Sari Ahmet Sinan, Karakus Ozgun
Nigde Omer Halisdemir University Teaching Hospital, Department of Orthopedic Surgery, Nigde.
Department of Orthopedic Surgery, Baskent University Ankara Hospital, Ankara.
Medicine (Baltimore). 2020 Apr;99(14):e19677. doi: 10.1097/MD.0000000000019677.
In the Graf method of hip ultrasonography, the diagnosis of the infantile hip with developmental dysplasia of the hip (DDH) is strictly dependent on the bony roof (alpha angle) and the cartilage roof (beta angle) measurements. In this study, we investigated whether the infant hip could be diagnosed with DDH solely by evaluating ultrasound images obtained in the standard plane, without bony roof and cartilage roof measurements, in respect to different professional experience levels.Two hundred ten hip ultrasounds were randomly selected from patients who presented to our hospital for DDH screening. A total of 6 ultrasound images were obtained for each hip. The hip morphology evaluations were made without the bony roof and the cartilage roof measurements by 2 orthopedic surgery residents; 2 orthopedic surgery specialists, trained in the diagnosis and the treatment of the DDH; and 2 pediatric orthopedic surgery professors, highly experienced in the diagnosis and treatment of DDH. After hip morphology evaluations, the bony roof and the cartilage roof measurements were obtained and hip type evaluations were made by the same raters, according to the Graf method of hip ultrasonography.The highest intraobserver agreements between the hip maturity evaluation before and the hip type evaluation after measurements were .676 (P < .001) and .577 (P < .001) in professors 2 and 1, respectively, and the lowest agreements were .185 (P < .01) and .289 (P < .001) in specialist 1 and resident 2, respectively.The diagnosis of the infant hip as DDH could not be made solely by evaluation of the ultrasound images obtained in the standard plane without the bony roof and the cartilage roof measurements. The bony roof and the cartilage roof measurements were obligatory for the diagnosis of the infant hip as DDH, even in the very experienced pediatric orthopedic surgeons.Level of evidence: 2.
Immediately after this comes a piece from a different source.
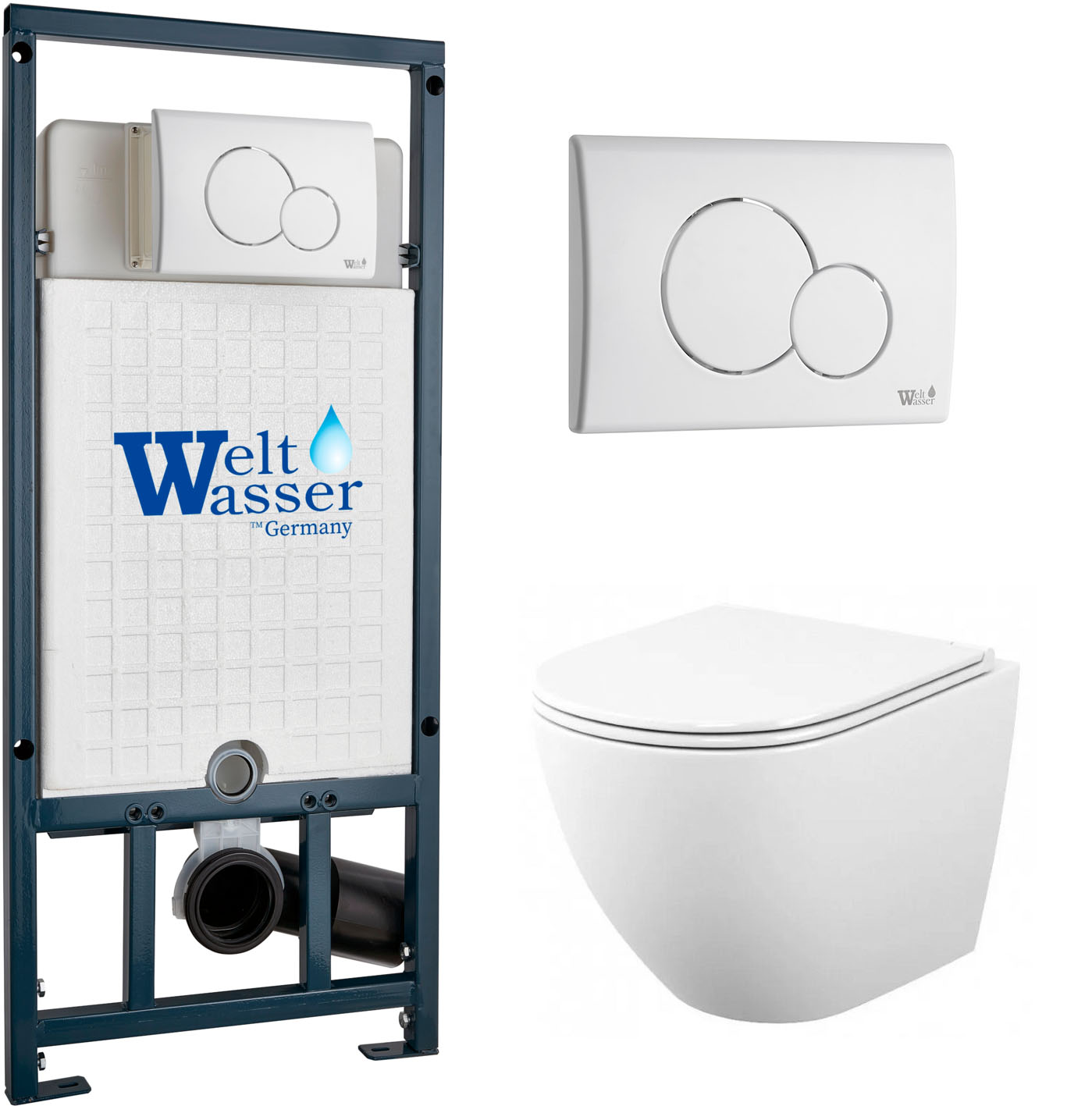 Комплект инсталляции Welt-Wasser MARBERG 507 RD с клавишей смыва WT и унитазом Teymi T40102

在髋关节超声检查的格拉夫(Graf)方法中,婴儿髋关节发育性发育不良(DDH)的诊断严格依赖于骨顶(α角)和软骨顶(β角)的测量。在本研究中,我们针对不同专业经验水平,调查了是否仅通过评估在标准平面获得的超声图像,而不进行骨顶和软骨顶测量,就能诊断婴儿髋关节DDH。从到我院进行DDH筛查的患者中随机选取210例髋关节超声检查。每个髋关节共获得6张超声图像。由2名骨科住院医师、2名接受过DDH诊断和治疗培训的骨科专科医生以及2名在DDH诊断和治疗方面经验丰富的小儿骨科教授,在不进行骨顶和软骨顶测量的情况下对髋关节形态进行评估。在髋关节形态评估后,由相同的评估者根据髋关节超声检查的格拉夫方法进行骨顶和软骨顶测量,并进行髋关节类型评估。测量前髋关节成熟度评估与测量后髋关节类型评估之间,观察者内一致性最高的分别是教授2为0.676(P < 0.001)和教授1为0.577(P < 0.001),最低的分别是专科医生1为0.185(P < 0.01)和住院医师2为0.289(P < 0.001)。仅通过评估在标准平面获得的、不进行骨顶和软骨顶测量的超声图像,无法诊断婴儿髋关节为DDH。即使是经验丰富的小儿骨科医生,骨顶和软骨顶测量对于诊断婴儿髋关节DDH也是必不可少的。证据级别:2级。